The Hurtsboro race riot was conflict between Black and White residents of Hurtsboro, Alabama in the final days of 1920.

Background

Violence against Blacks were and other incidents of civil unrest were nothing new to early 20th century America. The country had recently gone through what is now known as the American Red Summer of 1919. Attacks on black communities and white oppression spread to more than three dozen cities and counties. In most cases, white mobs attacked African American neighborhoods. In some cases, black community groups resisted the attacks, especially in Chicago and Washington, D.C. Most deaths occurred in rural areas during events like the Elaine race riot in Arkansas, where an estimated 100 to 240 blacks and 5 whites were killed. Other major events of Red Summer were the Chicago race riot and Washington D.C. Race Riot, which caused 38 and 39 deaths, respectively. Both riots had many more non-fatal injuries and extensive property damage reaching up into the millions of dollars.

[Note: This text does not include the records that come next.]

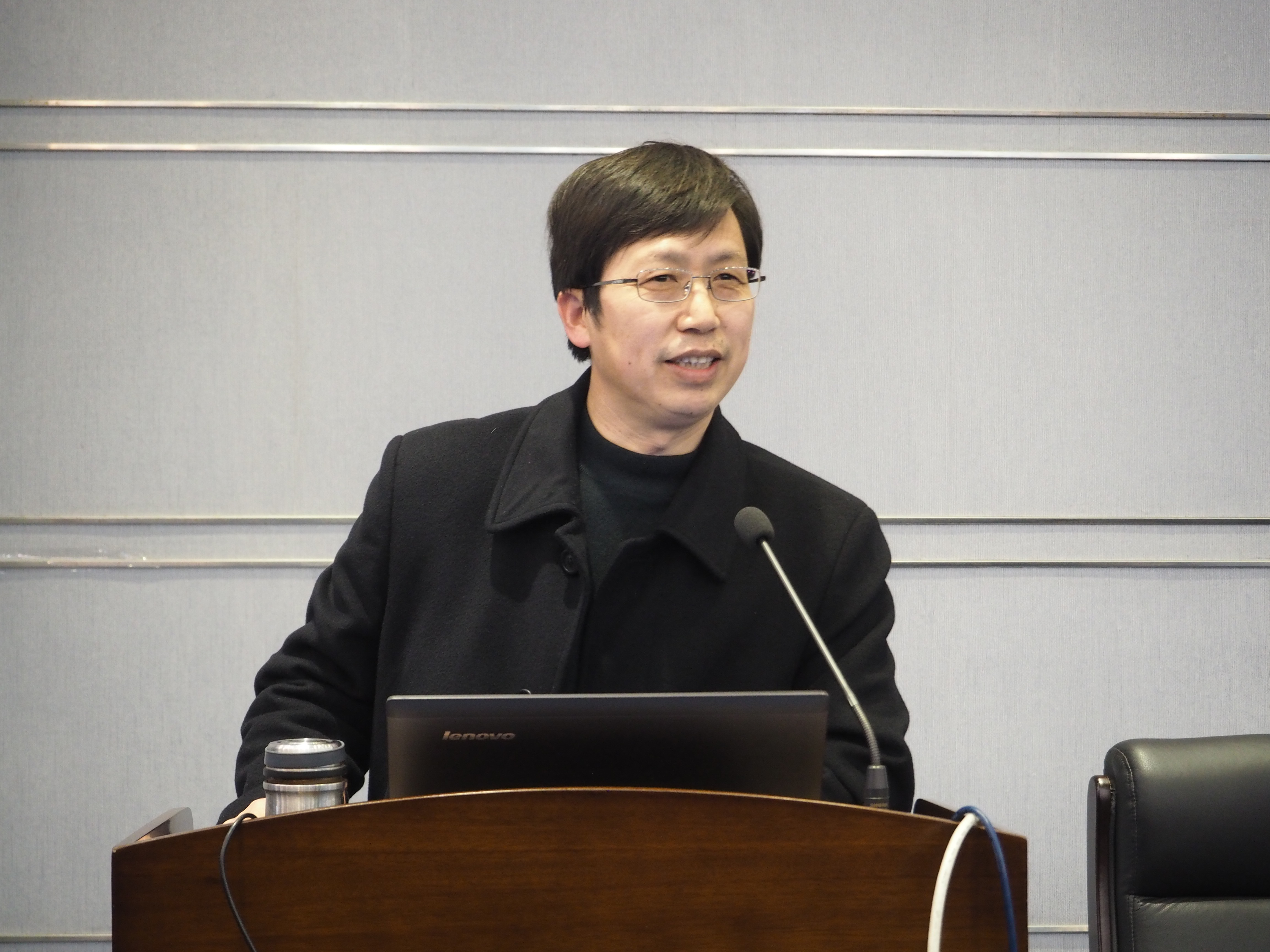 部分教师和全体研究生参加报告会,报告会由副院长(主持工作)耿步健主持。
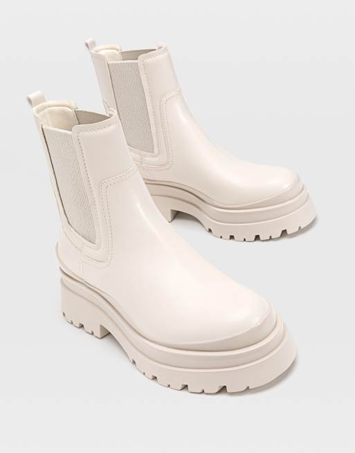 Stradivarius – Sztyblety na grubej podeszwie w kolorze ecru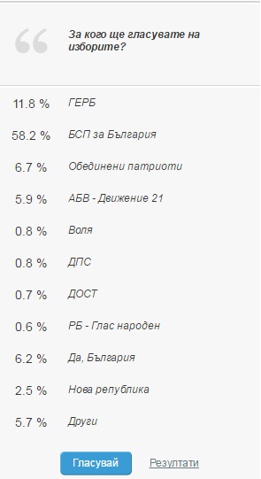 Над 4% са събрали също партиите Обединени патриоти (6.7%), РБ - Глас народен (6.2%) и АБВ - Движение 21 (5.9%). 5.7 % от читателите ни на са припознали никоя от предложените партии като своя избор за управление на страната.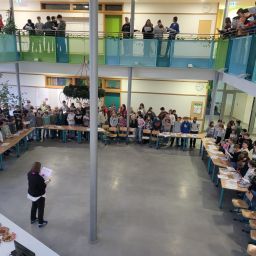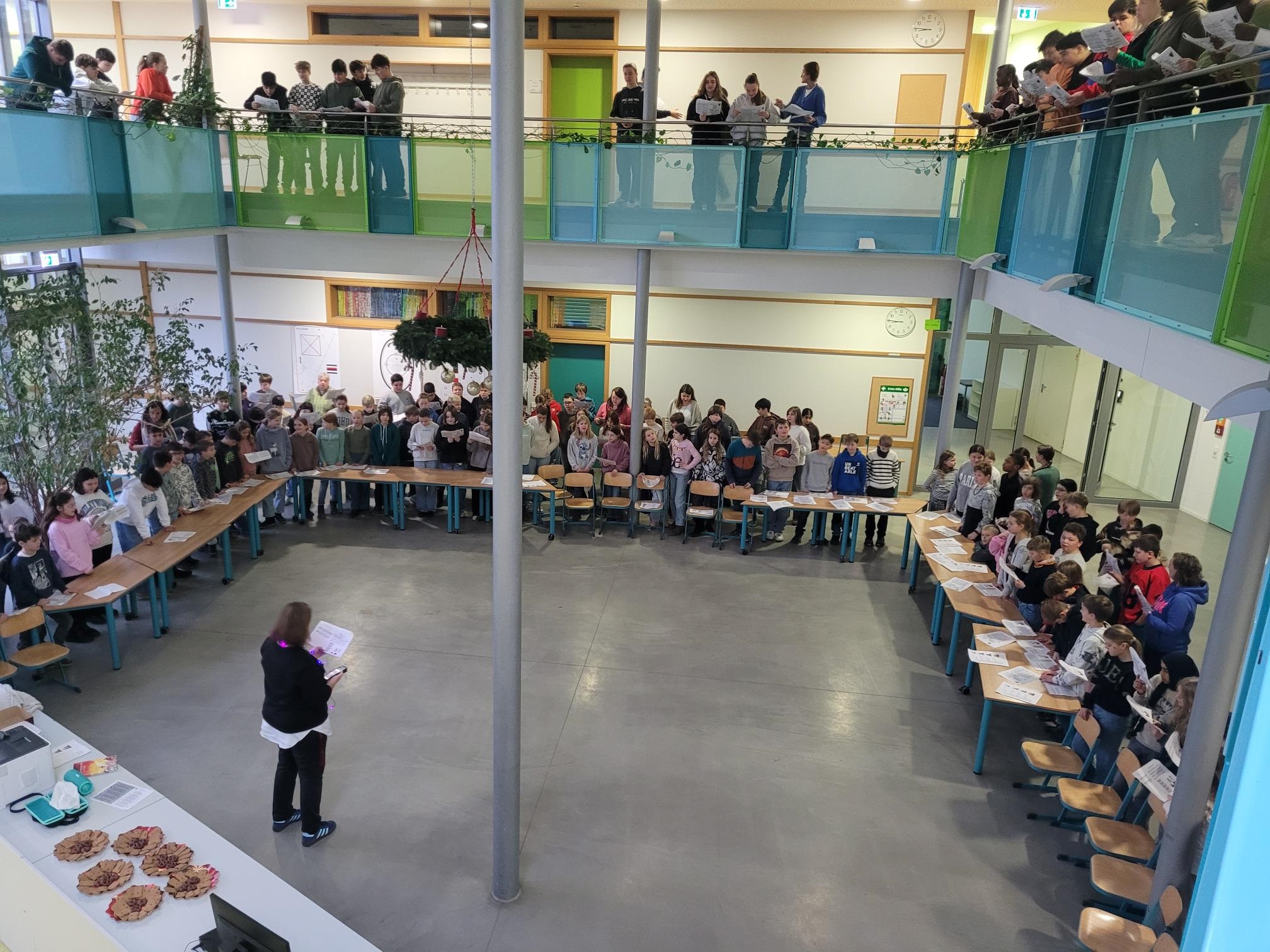 Weihnachtlicher Gesang unter federführender Leitung von Frau Kahlau schallt nun jeden Donnerstag im Advent durch die Schule, wenn die 5.- 7. Klassen gemeinsam Weihnachtslieder singen.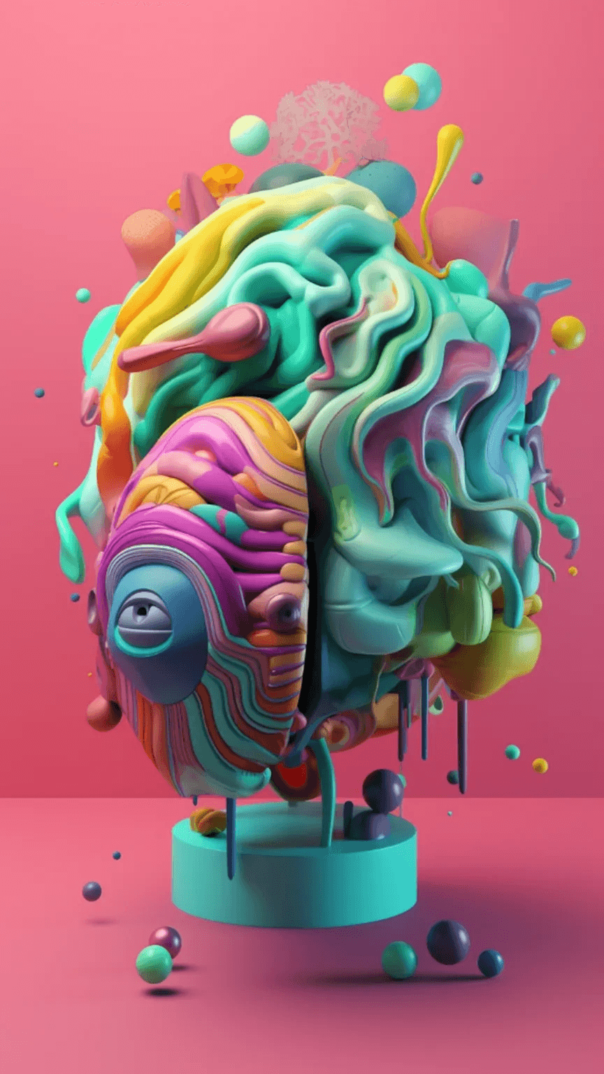 A 3D brain with eyes, trending color palette, UI, by Leo Natsume, 3D illustratio...

In December of 1920, the wife of a white farmer in Hurtsboro was allegedly assaulted by a Black man. Her husband alerted by her screams ran to her aid but was knocked out by the assailant. While shaken he was able to make it to a phone and called the authorities who quickly created a posse led by Deputy Sheriff Boss W.E. Dozier of Russell County, Alabama.

Posse formed

Deputy Sheriff Boss Dozier and his posse had information that the man they were looking for was in a house about four  from Pittsview, Alabama. As they approached the house, on December 29, 1920, they were fired upon by the men inside wounding several men of the posse.
 Some members of the posse who were wounded were George Hart, L.A. Brown and two brothers named Bagley. Faced with a standoff, weapons and ammunition were quickly sent from the nearby city of Columbus, Georgia.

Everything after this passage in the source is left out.